A tree lets you compare branch shape, depth, and ancestor state. A flat list mostly just tells you that time passed.

Before and after: flat spans vs tree traces

View	What you see	What you miss	Best use
Flat span list	Ordered events and latency	Causality, nesting, branch ancestry	Quick timeline, export, basic monitoring
Tree trace	Parent-child execution structure	Less compact, harder to eyeball at first	Debugging, replay, root-cause analysis
Causal graph	Dependency between actions	Implementation detail unless well-instrumented	Failure localization, contamination analysis

The important thing is not that lists are useless. It's that lists are the wrong source of truth once your workflow branches.

What does a better trace look like in practice?

Here's the pattern I'd use. Start with a tree of actions, attach typed metadata to each node, and preserve the parent edge from every agent handoff. Then layer in causal links for data dependencies. That gives you a runtime tree for navigation and a causal graph for diagnosis [1][2].

root
├─ router: choose research agent
│  ├─ agent.research: search docs
│  └─ tool.search: returns ambiguous evidence
└─ router: escalate to verifier
   └─ verifier: retries with stricter prompt

That structure tells you immediately where the system branched, what it consumed, and why the next agent existed.

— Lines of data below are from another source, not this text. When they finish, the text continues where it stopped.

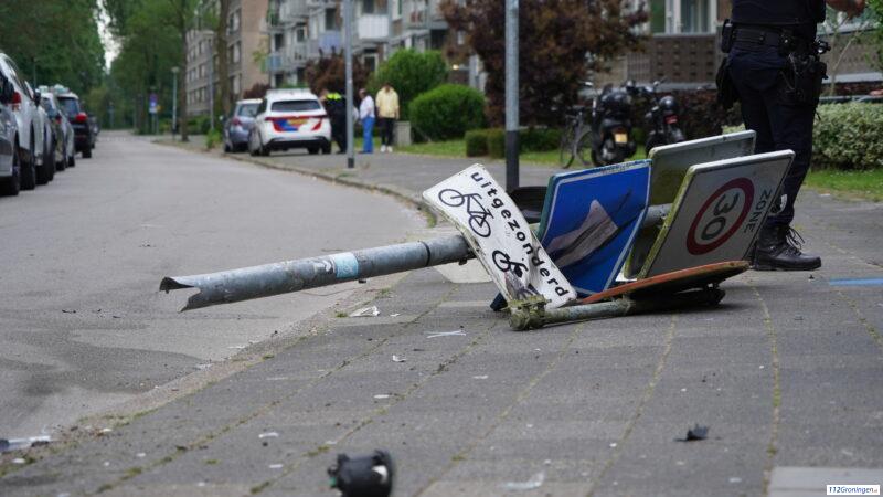 Auto rijd op de Hora Siccemasingel een lantaarnpaal omver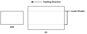 When paper with a longer width is used after copying or printing 100 or more sheets of paper with a shorter width (for example, when you use A3 paper after A4R paper), luster streak may appear on both edges in the feeding direction. In addition, patches of uneven gloss may appear in the high density areas of the printed heavy paper or coated paper. In this case, the streaks and patches of uneven gloss may be reduced by refreshing the fixing belt and cleaning its surface.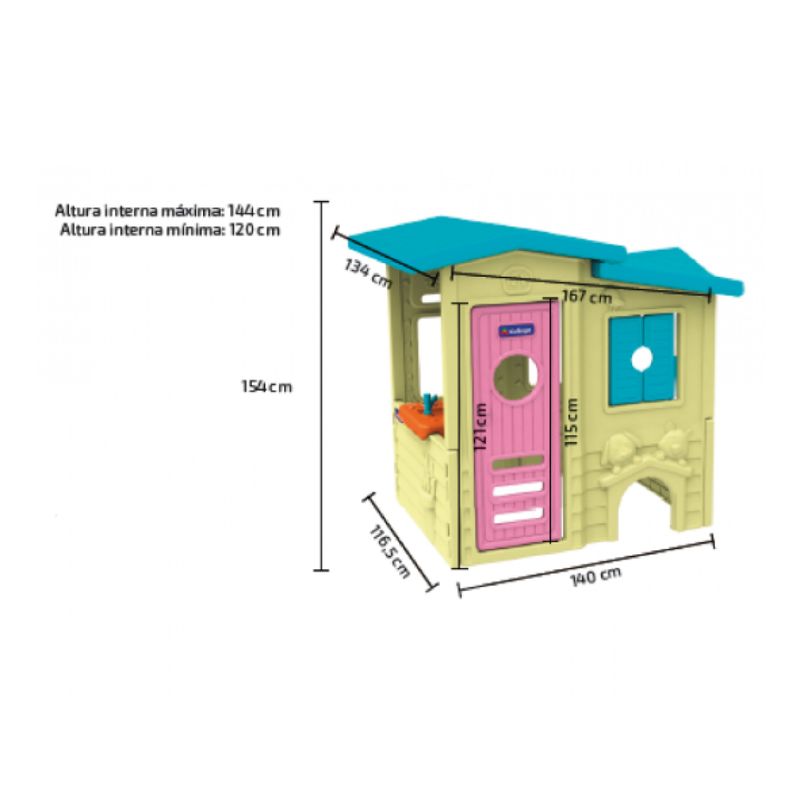 Chegou a Casinha Infanti House para completar a brincadeira da criançada!Com cores vivas e detalhes super divertidos, é fabricada com material resistente com proteção UV.Possui pia com fogãozinho e uma entrada para os pets das crianças.Além disso, conta ainda com uma lateral aberta para melhor visão dos pais ou responsáveis durante a brincadeira.Recomendado para crianças acima de 5 anos.É diversão garantida para o pequenos!ALTURA INTERNA: para crianças de até 1,50 mIdade 5 - 7 anosInmetro CE-BRI/IQB 005923Dimensões Aproximadas (AxLxC) 1,55 x 1,68 x 1,34mIdade Recomendada A partir de 5 anosItens inclusos Pia e Fogãozinho.Peso do produto 50,39 Kg

How should teams instrument this without overbuilding?

Don't start with perfect observability. Start with the minimum set of structural events: choose-agent, tool-call, message-send, message-receive, memory-write, and outcome. Then add tree reconstruction on top of those events. Structured logging frameworks for agents already argue for richer runtime telemetry because static auditing is too weak for nondeterministic workflows [4].

If you're building prompts or incident summaries from these logs, a tool like Rephrase can save time by turning rough notes into cleaner, action-oriented prompts for investigation or replay.

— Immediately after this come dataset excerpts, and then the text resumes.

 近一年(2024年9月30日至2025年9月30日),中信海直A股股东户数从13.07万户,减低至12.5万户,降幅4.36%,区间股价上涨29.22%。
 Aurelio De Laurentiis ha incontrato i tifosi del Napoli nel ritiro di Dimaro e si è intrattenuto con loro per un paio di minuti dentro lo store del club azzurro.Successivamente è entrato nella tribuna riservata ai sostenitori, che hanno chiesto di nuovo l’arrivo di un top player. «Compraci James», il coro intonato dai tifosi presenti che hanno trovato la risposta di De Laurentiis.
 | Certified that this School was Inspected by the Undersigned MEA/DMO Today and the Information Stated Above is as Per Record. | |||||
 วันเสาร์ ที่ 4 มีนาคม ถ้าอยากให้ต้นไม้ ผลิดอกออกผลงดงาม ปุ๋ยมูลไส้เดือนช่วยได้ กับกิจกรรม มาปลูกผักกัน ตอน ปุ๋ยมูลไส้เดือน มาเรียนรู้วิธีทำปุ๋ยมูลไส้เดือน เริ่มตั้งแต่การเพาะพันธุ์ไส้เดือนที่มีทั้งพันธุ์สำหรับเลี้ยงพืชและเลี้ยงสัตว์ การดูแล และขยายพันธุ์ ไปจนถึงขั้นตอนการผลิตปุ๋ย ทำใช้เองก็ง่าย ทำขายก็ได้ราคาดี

My take: tree-first tracing is the default now

If your system has more than one agent, flat spans are already a compromise. They're useful for transport, but not for understanding. Trees give you the shape of execution, and shape is what you need when the bug is hiding in a branch, not in the last line of output.

That's the big shift: trace the workflow the way it actually unfolds, then debug it the way causality works. If you want more practical prompting and AI workflow articles like this, check out the Rephrase blog.

References

Documentation & Research

AgentTrace: Causal Graph Tracing for Root Cause Analysis in Deployed Multi-Agent Systems - arXiv (link)
Trace-Level Analysis of Information Contamination in Multi-Agent Systems - arXiv (link)
STRUCTUREDAGENT: Planning with AND/OR Trees for Long-Horizon Web Tasks - arXiv (link)
AgentTrace: A Structured Logging Framework for Agent System Observability - arXiv (link)

Frequently asked

Why are trees better than flat span lists for agent tracing?

Trees preserve parent-child relationships, causality, and nested decisions. Flat lists show order, but they hide why a branch happened and what it depended on.

How do I debug a failed multi-agent run?

Start at the error node and trace backward through the causal graph to the first decision that changed the path. That usually finds the root cause faster than reading the whole timeline.

Can flat spans still be useful?

Yes, as an export format or quick timeline. But for production debugging, they work best as a view on top of a tree, not as the source of truth.